Fluids (Find the Force Exerted)

[Bcisewski]

Need some assistance on what I am missing
"A tank contains mercury, whose density is 13 600 kg/m3. Find the force exerted by the mercury on a circular plug at the bottom of the tank. The plug has a diameter of 2.54 cm, and is located 37.6 cm below the surface of the mercury". The answer is 25.4 N

1) I have tried p=F/A ending with A*p=F or 2.54*136000=F (Wrong)
2) and F=phgA and again the number to big
3) Finally I tried P2=P1+pgh with P1=(1.01x10^-5) again too large of an answer

Am I missing something from try #1?

Thanks for any assistance

[cepheid]

Your first attempt is wrong because you used the density in the formula for pressure! :eek: (it's ok...an honest mistake).

pressure (letter 'p'): force per unit area

p = \frac{F}{A}

density (letter 'rho'): mass per unit volume

\rho = \frac{m}{V}

I'm curious...where did you get the answer 25.4 N? Is it given in the book? Because it doesn't specify what the pressure is above the surface of the tank. Assuming it was atmospheric pressure, and using the third formula you tried, I got the wrong answer. But assuming it (p1) was zero, I got the following:

p_2 = 0 + \rho g h

F = pA = (\rho g h)(\pi r^2) = (13 600 kg/m3 )(9.81 N/kg)(0.376m)(\pi)((0.0254m)/2)2 = 25.4 N

That's the right answer, but the method seems a little off...does the problem give more info about the pressure above the tank?

[Clausius2]

Your first attempt is wrong because you used the density in the formula for pressure! :eek: (it's ok...an honest mistake).

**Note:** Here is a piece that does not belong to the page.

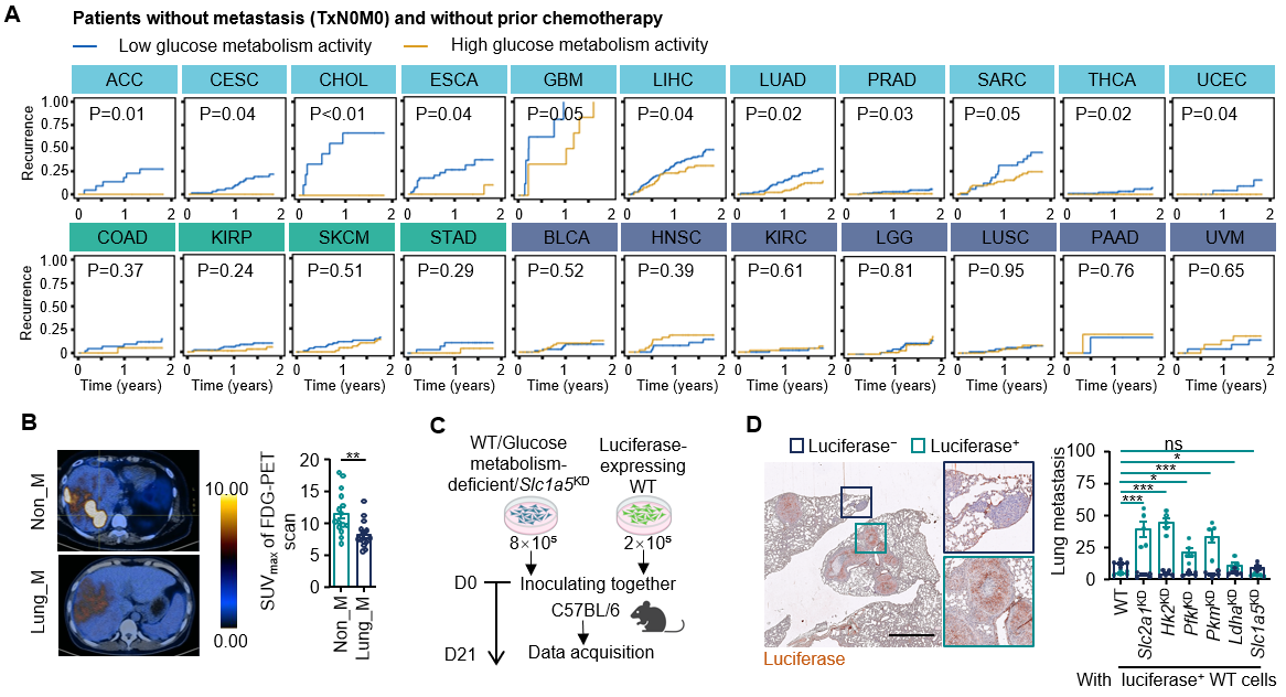 The study analyzed large-scale clinical datasets spanning 15 cancer types and found that patients with lower tumor glucose metabolic activity exhibited a significantly higher risk of recurrence within two years after surgery. In hepatocellular carcinoma, tumors from patients who developed lung metastases exhibited significantly lower glucose metabolism than those without metastasis.

pressure (letter 'p'): force per unit area

p = \frac{F}{A}

density (letter 'rho'): mass per unit volume

\rho = \frac{m}{V}

I'm curious...where did you get the answer 25.4 N? Is it given in the book? Because it doesn't specify what the pressure is above the surface of the tank. Assuming it was atmospheric pressure, and using the third formula you tried, I got the wrong answer. But assuming it (p1) was zero, I got the following:

p_2 = 0 + \rho g h

F = pA = (\rho g h)(\pi r^2) = (13 600 kg/m3 )(9.81 N/kg)(0.376m)(\pi)((0.0254m)/2)2 = 25.4 N

That's the right answer, but the method seems a little off...does the problem give more info about the pressure above the tank?

You solved it right, cepheid. Below the plug, there is atmospheric pressure too. So that, the force exerted by the atmosphere is cancelled at the two sides.